In research planning, it’s tempting to gravitate toward numbers. But communicators often need qualitative data instead.
By Mallory Peak, PhD
Vice President, Strategy and Insights
In this era of “data-driven communications,” many companies and organizations are averse to investing in research. They might spend big budgets on advertising — but not a fraction of those budgets to test the ads’ effectiveness.
Research programs can be cost-effective while prioritizing methods that yield information to help you make the best decisions. And when you make the investment, it pays off — helping your organization reach your actual audience, uncover depth and nuance, and avoid wasting budget on ineffective or even harmful communications.
Companies facing more data restrictions.
Privacy laws and stronger protection of consumer data are preventing easy access to market data. So companies and organizations face more pressure to develop their own research programs. In pursuit of data-driven communications, they are tasked with understanding their audiences’ behaviors and evaluating the efficacy of their own communications programs.
They sometimes find that these tasks get expensive and ask themselves questions like these:
Instead of compensating focus group participants, can we just include anyone who’s willing to show up for free?
Instead of recruiting a representative sample of perspectives, can we just share a survey with our personal contacts?
Why should we engage people for qualitative insights if we already have click-through rates or can buy market research data that’s out of context?
Some organizations are saying, “Yes, and yes, and let’s just look at those click-through rates!”
But along the way, they’re discovering a few things.
They aren’t measuring much that’s meaningful.
Quantitative research focuses on numerical data, using surveys or analytics to measure trends, preferences, or behaviors across a big sample. Quantitative methods help measure the frequency of something: an attitude, a belief, a behavior.
Qualitative research, on the other hand, is exploratory. It reveals underlying motivations and opinions through methods like interviews, focus groups, or observations.
In research planning, it’s tempting to gravitate toward quantitative methods. Most people are more familiar with quantitative data. Putting a hard number to a phenomenon seems more “legitimate.” But communication decisions more often require qualitative data to understand why an attitude, a belief or behavior persists.
This bias often leads organizations to try to engineer quantitative methods to get qualitative findings. Have you ever conducted a survey with mostly open-ended questions? You probably didn’t really want to measure something. You wanted to talk to people about the breadth of their experiences, not count them. The qualitative method won’t get you what you really need.
Traditional market-research data and AI tools leave a lot of people out.
Effective recruiting for a survey or focus group means intentionally creating a sample that represents the audience you want to engage. That means partnering with community organizations, engaging people one on one, or adapting research methodologies so they’re accessible by people of different ages who have different abilities and cultural norms.
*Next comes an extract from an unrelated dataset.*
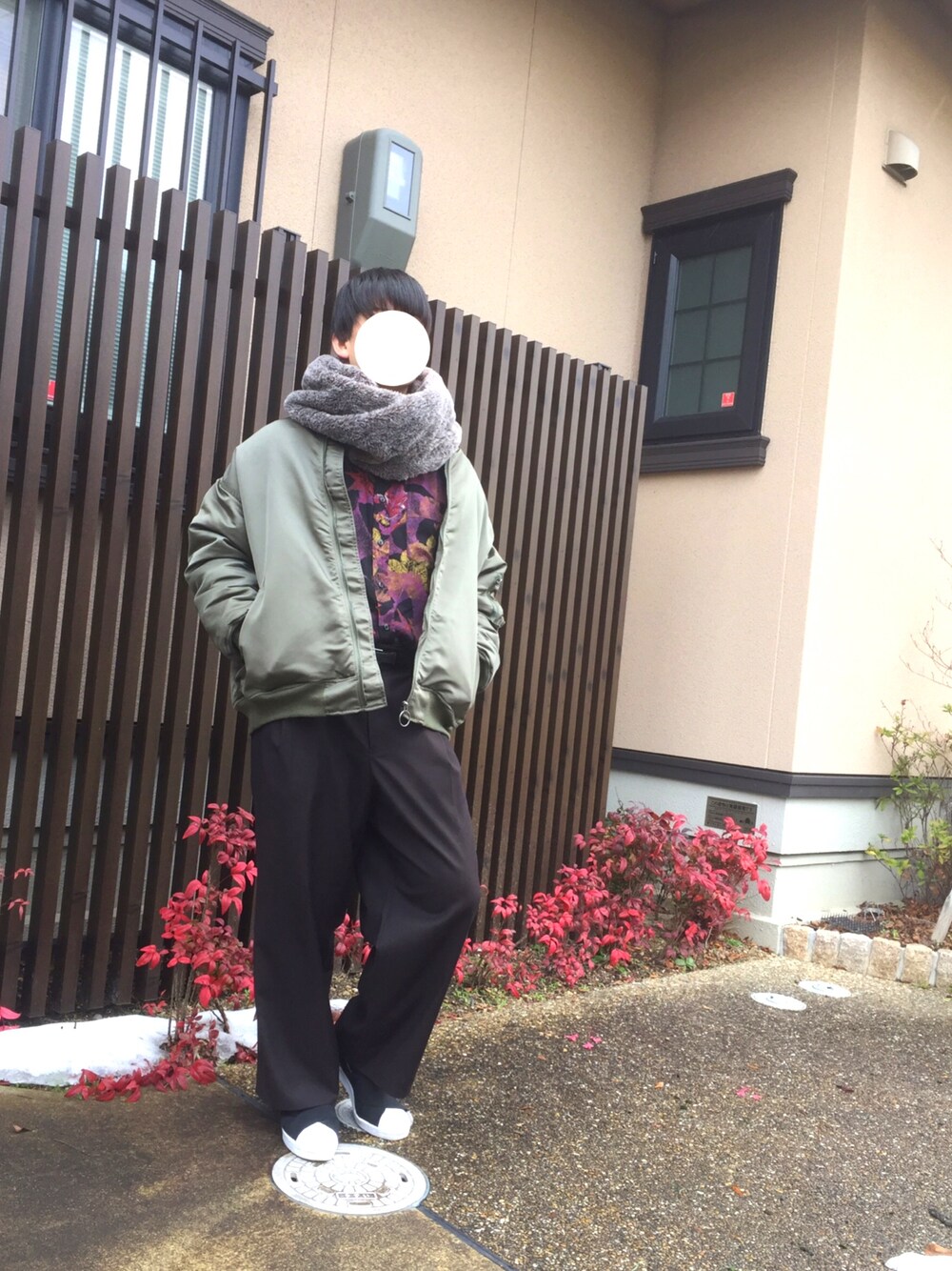 こんにちは! 最近はバイトがはじまり忙しくなったので、更新がこんな時間に😭 お風呂に入りたいので短めに。。 今日のコーデはbigシルエットです! who's who のbigma-1を中心に、パンツをワイドで合わせてゆるっと感をイメージしています! このma-1!!すごく温かいんです!!ダウンのよう!! さらにスヌードまでしているのでぽかぽか🌞 ゆるっと感のあるコーデにインパクトをつけるため、シャツには派手めキツネ古着を取り入れています! HAREのワイドパンツ、アディダスのスリッポンは安定に使いまわせますね☺️ ずっと気になっていることがあります。。 もしこのクソ面白くない長々とした自己満足ブログのような僕のWEARを毎回見てくださっている方だと気になっているかもしれません笑 雪が上から積もり少し弱りましたが。。 ずっと気になる。。 それは。。。。 そーゆー色なんか?どうなんや? うしろの小さい木はいつまで紅葉してんねん!! ʕʘ‿ʘʔ

All that can feel complicated and get expensive. So, to save on costs, organizations often end up engaging people for research who they already were reaching with their messages — because they’re the easiest to reach. Everyone else continues to be left out.
Secondary methods of research, or research that exists already, face similar challenges. Market research focuses on majority opinions. People of color, queer people and religious minorities are often left out, or they’re included so minimally in U.S. market research that their opinions in summation resemble stereotyping. For regional campaigns, market research tools are increasingly limited by data restrictions, sample size and timeliness.
And AI, while fast and convenient, just regurgitates biases in existing content.
Assumptions are expensive.
When companies and organizations invest in effective research plans, they avoid spending money to build creative that doesn’t work and more money to place it online, on TV or other media. These organizations risk paying money to alienate their audiences.
Communication professionals are often encouraged to work from intuition. We learn that being “data-driven” means combing the quantitative data readily available and taking a calculated risk.
But our job is to reach hearts and minds. So much of effective communication is in the details – in the way we tell a story, in the ways we represent real people, and the ways we build connections with each other. That goes for research, too.